RGZ J145039.8+441829 also known as OGC 688 and J145039.7+441828, is a radio galaxy located in the constellation of Boötes. The redshift of the galaxy is (z) 0.28 and it is the brightest cluster galaxy (BCG) of the galaxy cluster, WHL J145039.8+441829.

== Description ==
RGZ J145039.8+441829 is a supergiant elliptical galaxy. The total r-band magnitude is 9.3 based on the r-band magnitude estimation made by the Sloan Digital Sky Survey (SDSS). The supermassive black hole lying in the center of the galaxy is 8.90 .

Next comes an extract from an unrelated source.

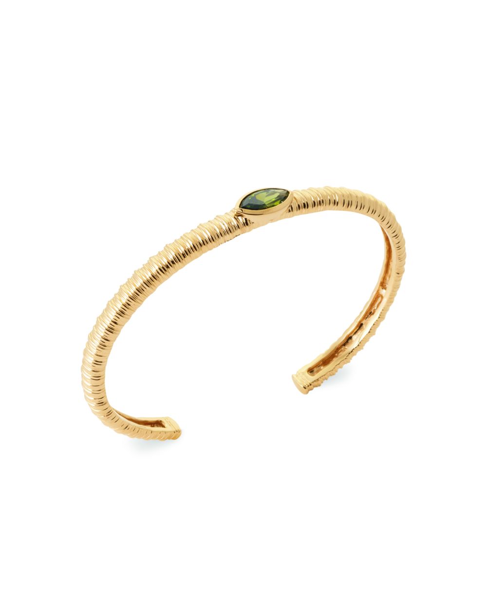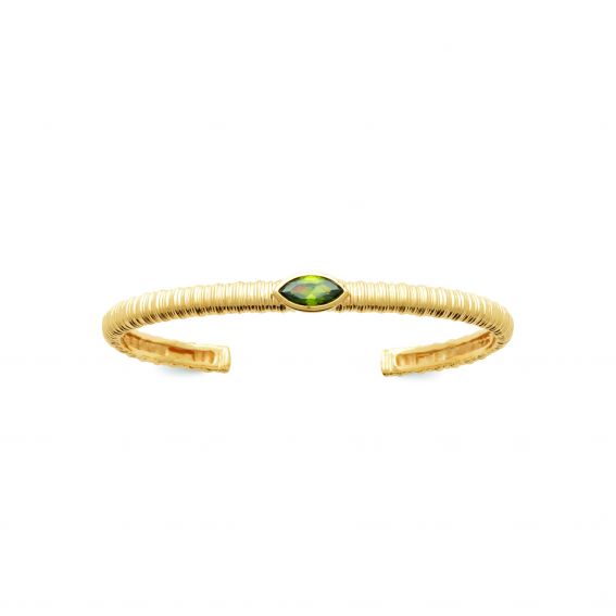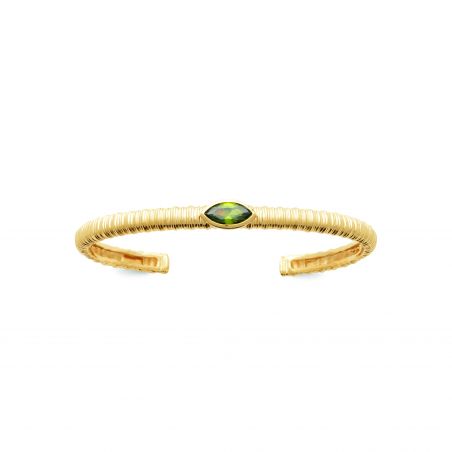 Cette esclave est une esclave ouvert et striés en plaqué or 18k, il est doté d'un pierre verte. Il a une garantie de 10 ans sur le plaquage.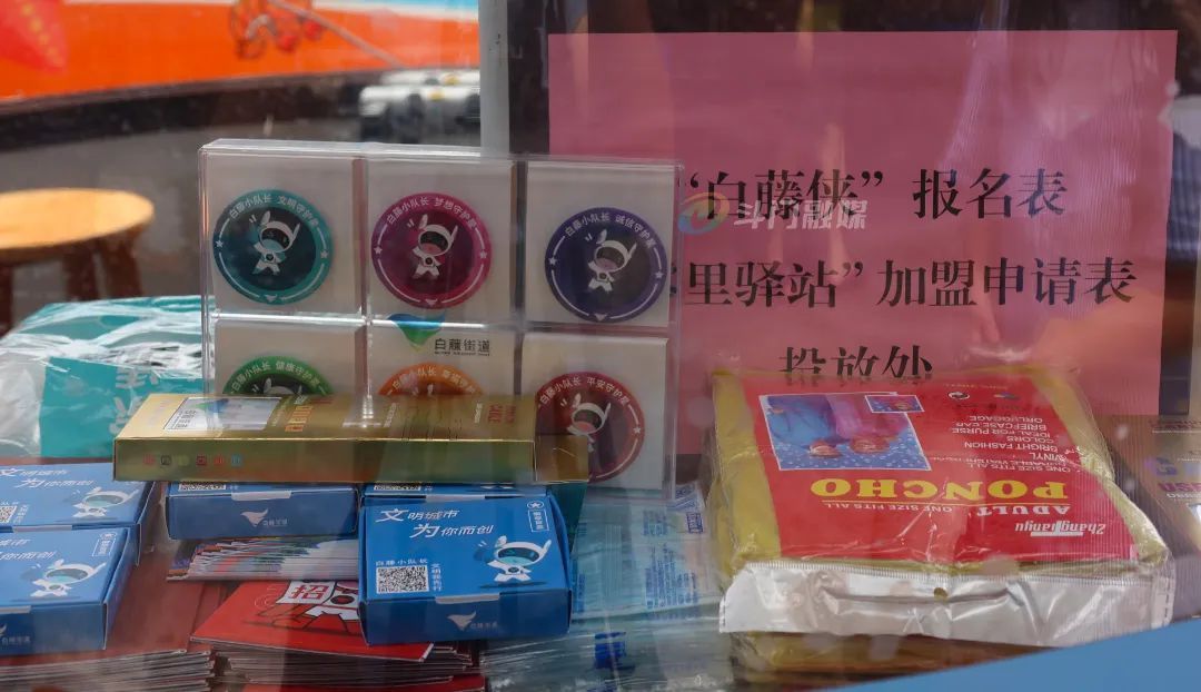笔者探秘发现,该零里驿站正是白藤首个在市场打造的四星级加盟驿站,将为消费者免费提供充电、热水供应、休憩小坐、应急药品等13项服务。目前设有便民雨伞、基础医疗药物等,供市民免费使用;白藤侠、零里驿站加盟等宣传,更是抢眼。

The nucleus is active and it has been classified as a narrow-line Fanaroff-Riley Class Type I radio galaxy. The estimated luminosities of both the hydrogen-alpha and doubly ionized oxygen emission lines are found to be 0.000 and 7.163 respectively. The radio lobes are resolved, with a total angular size of 133.54 kiloparsecs, and the lobes reach a maximum extent of 285.58 kiloparsecs in total. The total radio power is 26.32 W Hz^{−1}. The radio source has an S-shaped appearance with a source extent of 0.33 kiloparsecs.

A study published in 2022, also found it is a candidate wide-angle tail (WAT) radio galaxy, with a total radio flux density of 1.45 jansky at 150 MHz and 0.28 jansky at 1400 MHz. The radio counterpart separation is estimated to be 3.10 arcseconds while the total radio luminosity is 33.94 × 10^{25} W Hz^{−1}.